CellProfiler / BatchProfiler

1 stars 1 forks source link

Job shows Complete even though it failed #19

Open dlogan opened 8 years ago

dlogan commented 8 years ago

http://imagewebrhel6/batchprofiler/cgi-bin/ViewBatch.py?batch_id=117, run.213.19.txt initially failed because a file didn't exist. (I had tried to fix a badly named file, but the filelist wasn't updated.) In any case, the error had said a file did not exist, however the Status says "Complete". I only knew to look because it finished in 24 sec, i.e. too soon.

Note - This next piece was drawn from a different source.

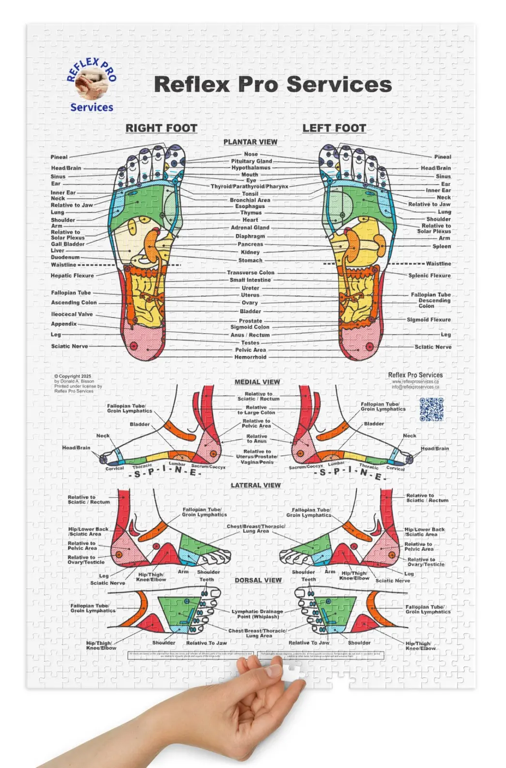 Transform your reflexology learning experience with this one-of-a-kind jigsaw puzzle featuring a professionally illustrated Reflexology Foot Chart with keepsake tin.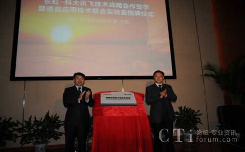 CTI論壇(ctiforum)12月14消息(記者 潘婷婷): 12月12日,科大訊飛與長(zhǎng)虹集團(tuán)戰(zhàn)略合作簽約暨共建聯(lián)合實(shí)驗(yàn)室揭牌儀式在科大訊飛語音產(chǎn)業(yè)基地研發(fā)大樓隆重舉行。根據(jù)合作框架協(xié)議,雙方將在戰(zhàn)略聯(lián)盟的基礎(chǔ)上,以共建聯(lián)合實(shí)驗(yàn)室為主要載體,旨在依托各自行業(yè)領(lǐng)域的長(zhǎng)期積淀優(yōu)勢(shì)、強(qiáng)強(qiáng)聯(lián)合,達(dá)成戰(zhàn)略互信,加強(qiáng)緊密合作,積極推動(dòng)“語音核心引擎+智能終端平臺(tái)” 的特色應(yīng)用模式,深入拓展智能語音科技在智能電視等終端產(chǎn)品市場(chǎng)的應(yīng)用范圍,合力開創(chuàng)智能語音終端創(chuàng)新應(yīng)用市場(chǎng)空間。

Subsequently, I tried to get ViewBatch to show Resubmit by clicking the Delete All button. The txt and err files deleted, but there is no Resubmit button, i.e. the Status still says Complete, and I don't know how to resubmit this individual job run.213.19

dlogan commented 8 years ago

Related to #12?

dlogan commented 8 years ago

In fact, there are other jobs that failed and did not produce rows in the Per_Image table, yet show as "Complete".

These have Memory Errors:

http://imagewebrhel6/batchprofiler/cgi-bin/ViewTextFile.py?batch_array_id=213&task_id=21&file_type=text
http://imagewebrhel6/batchprofiler/cgi-bin/ViewTextFile.py?batch_array_id=213&task_id=22&file_type=text
LeeKamentsky commented 8 years ago

The current master branch (and the way it was on 9/10/15 at your checkout) exits with a status code of 0 even if there's an exception. Code that we're planning to check in has this facility in it.

I don't use the "done" file and maybe that's a mistake. I'd like to put working on BatchProfiler on the back burner for a couple of weeks, though, maybe afterwards, revisit.

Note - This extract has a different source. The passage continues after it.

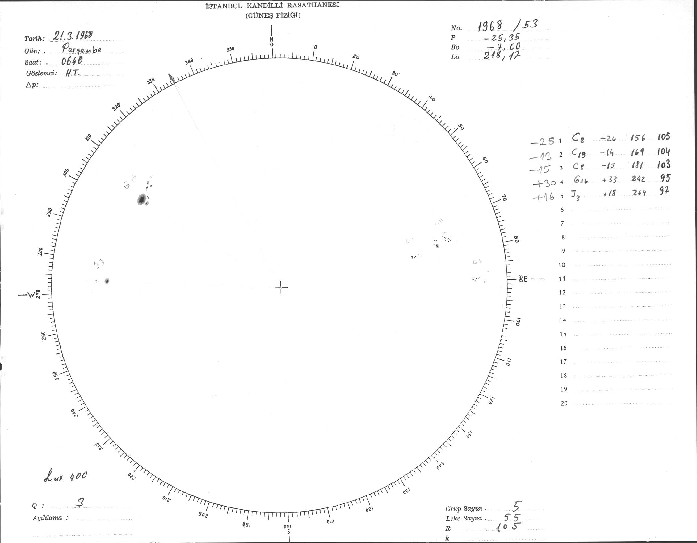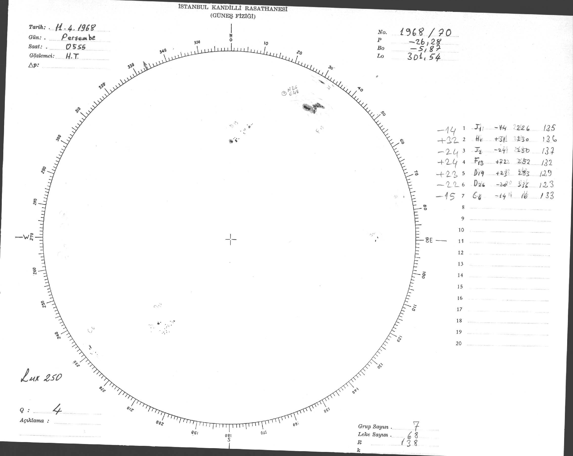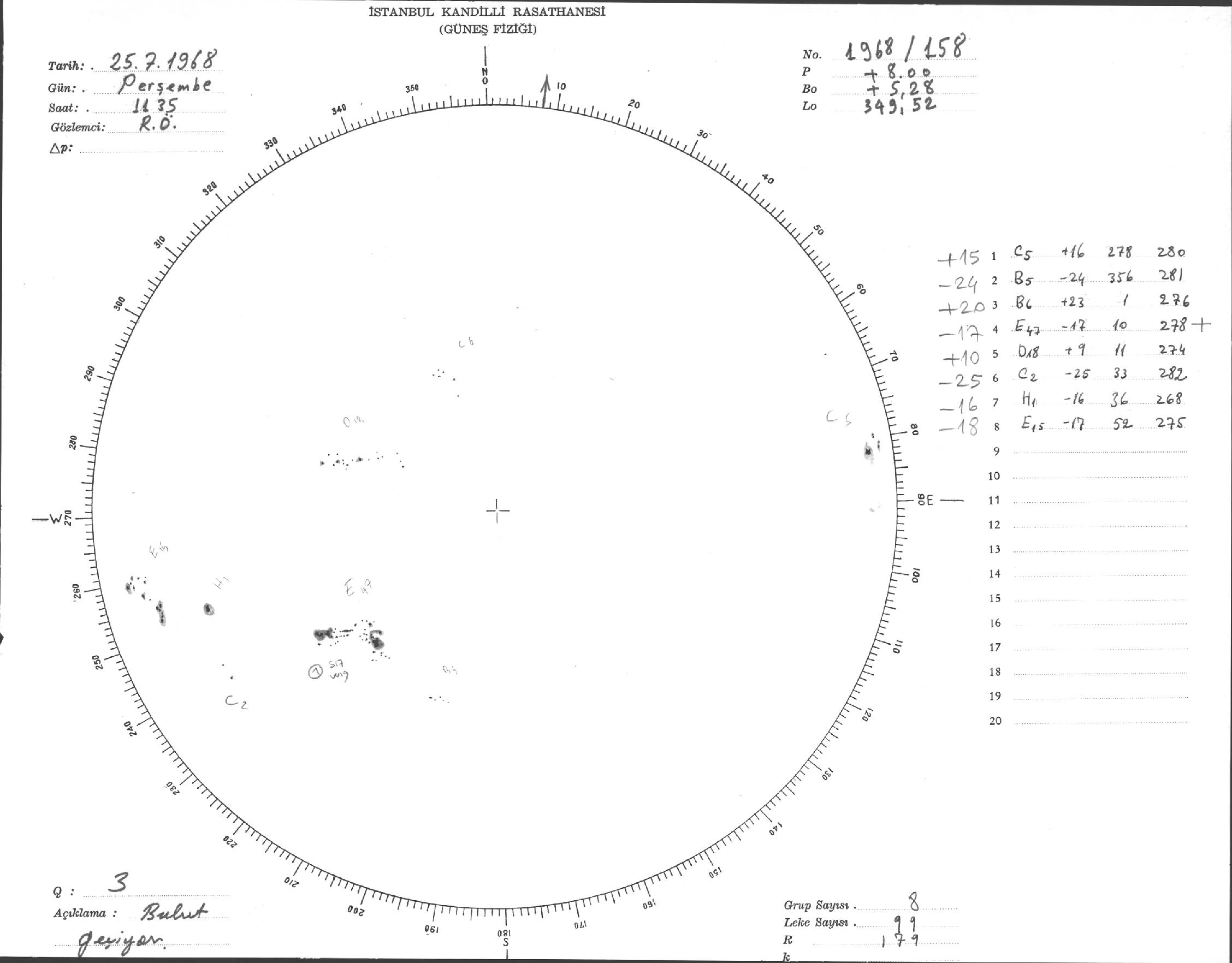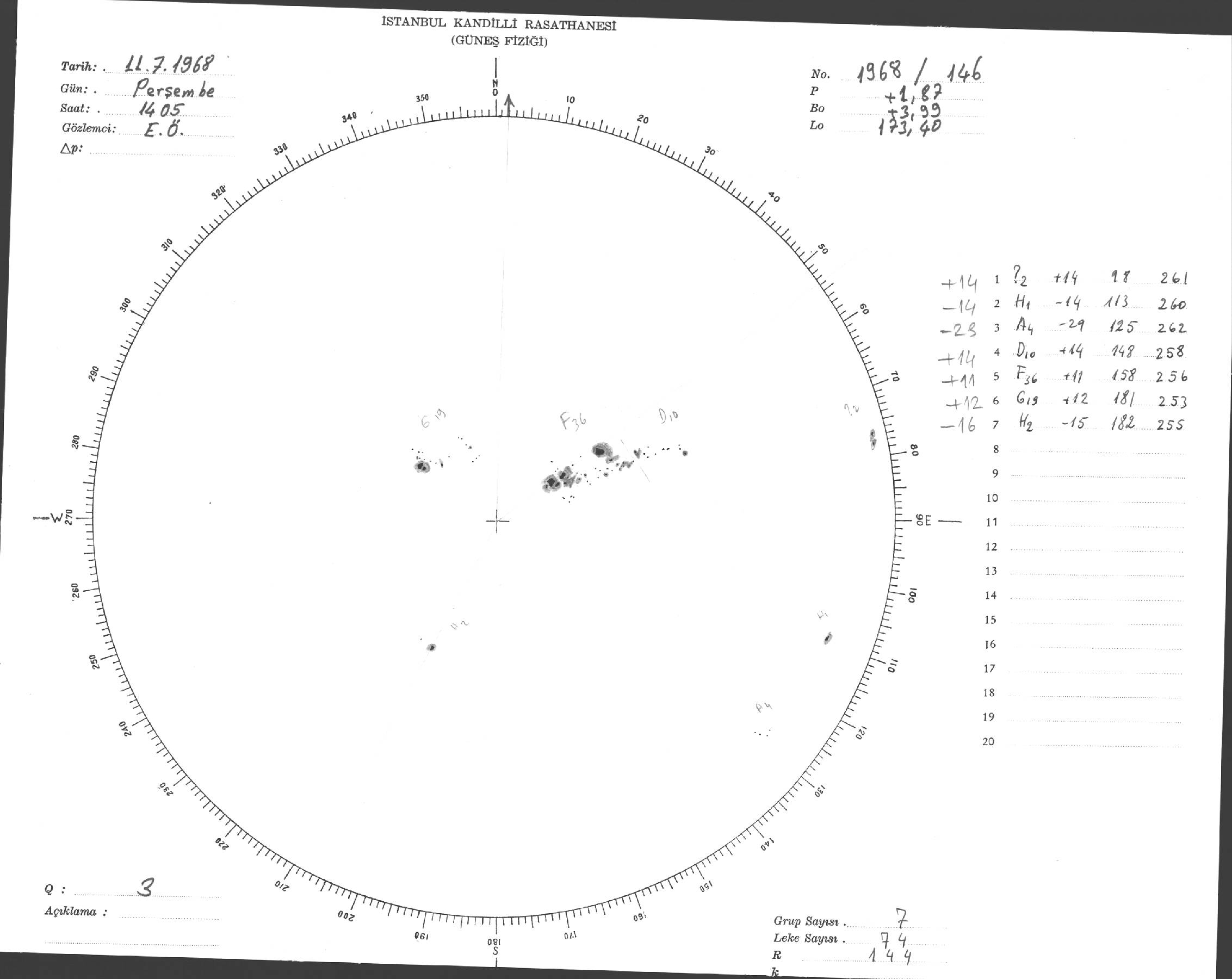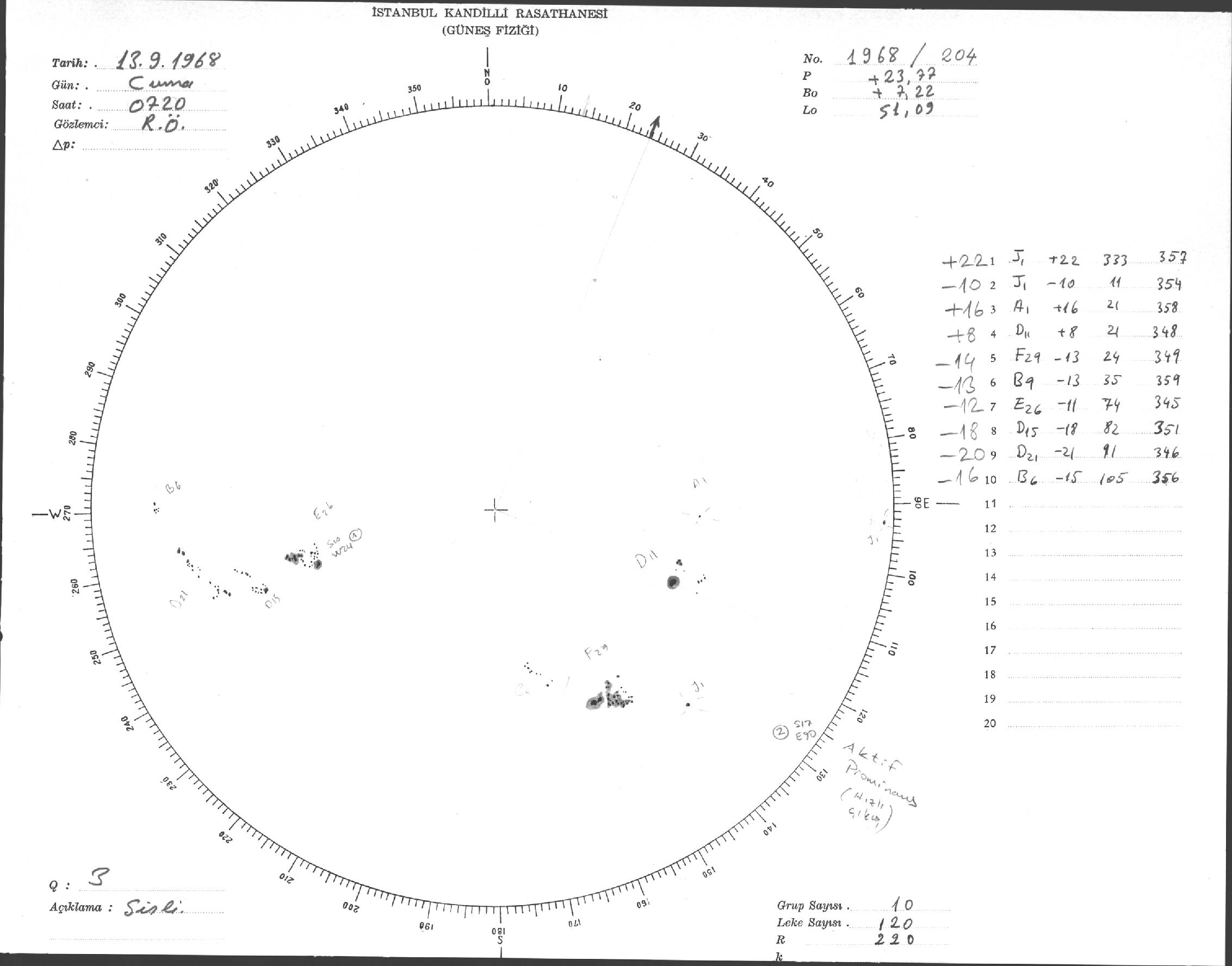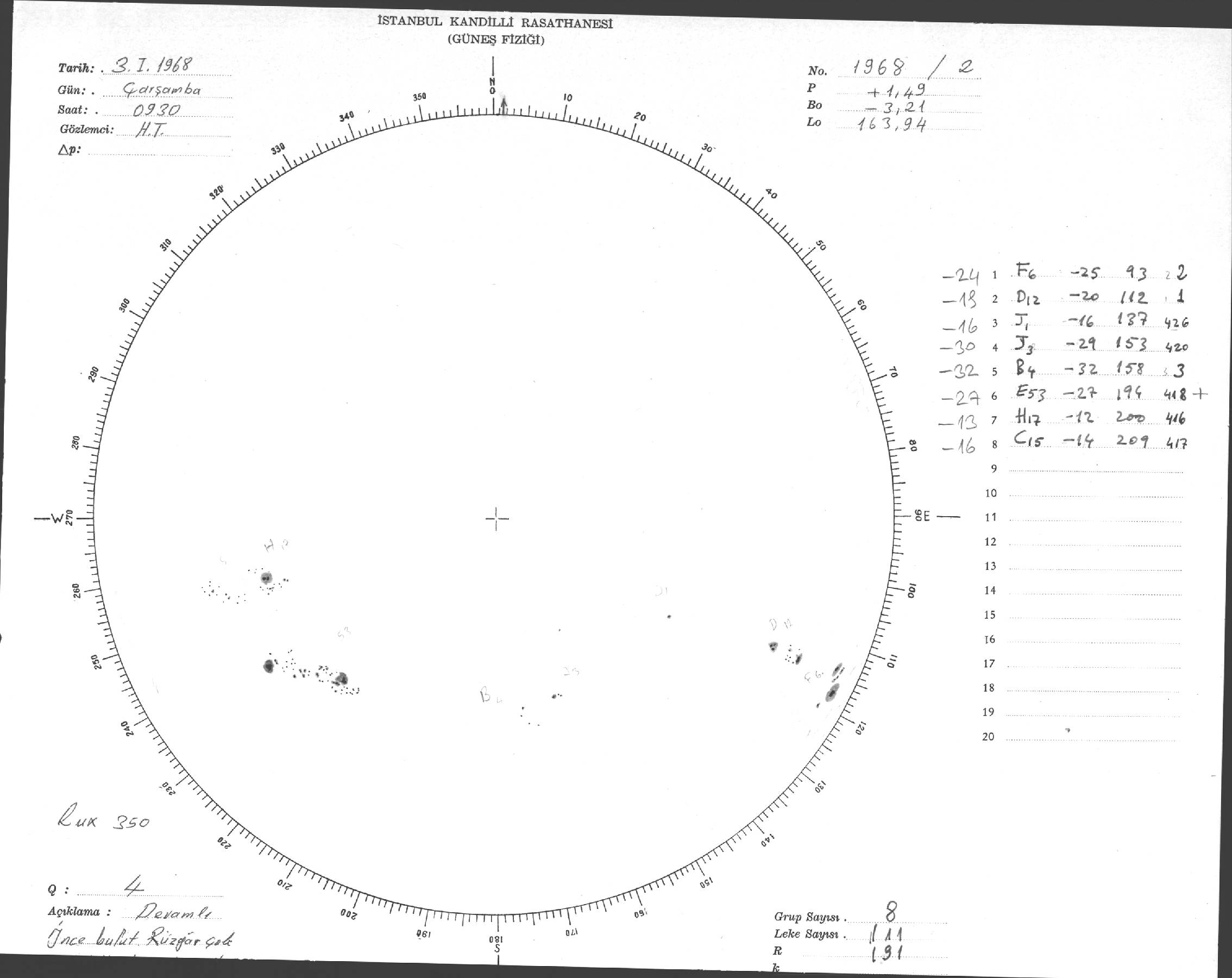 Güneş Lekesi Çizimleri / Kandilli Sunspot Drawings

dlogan commented 8 years ago

But how can I resubmit the jobs that have failed? It seems impossible from any ViewBatch page since all batches (mis)report Complete. Can I submit via sudo as imageweb in any way? I looked at the job_scripts but I can't see how to do this.

LeeKamentsky commented 8 years ago

Sorry David, for this case, how about if I mark the ones that failed as failed and then you can resubmit. I am guessing that the memory error is a problem that will reoccur. Is it possible that a large number of cells or particles are being segmented? The code is blowing up in a place that suggests that.

On Tue, Nov 24, 2015 at 9:25 AM, David Logan notifications@github.com wrote:

But how can I resubmit the jobs that have failed? It seems impossible from any ViewBatch page since all batches (mis)report Complete. Can I submit via sudo as imageweb in any way? I looked at the job_scripts but I can't see how to do this.

— Reply to this email directly or view it on GitHub https://github.com/CellProfiler/BatchProfiler/issues/19#issuecomment-159282028 .

dlogan commented 8 years ago

Sure, please mark them as failed (how can I do that myself?). Just now I raised the memory_limit in the batchprofiler_2/batch database because yes, there are lots of synapse objects per image -- will that still work as in the old db scheme for resubmitting?

LeeKamentsky commented 8 years ago

Raising the memory limit should work. To reset the status, you can do something like this Look at the text file names which are in the form, run... Do the following select statement to get the task_status_id's to delete:

select task_status_id from run_job_status where batch_array_id = 213 and task_id in (22, 23)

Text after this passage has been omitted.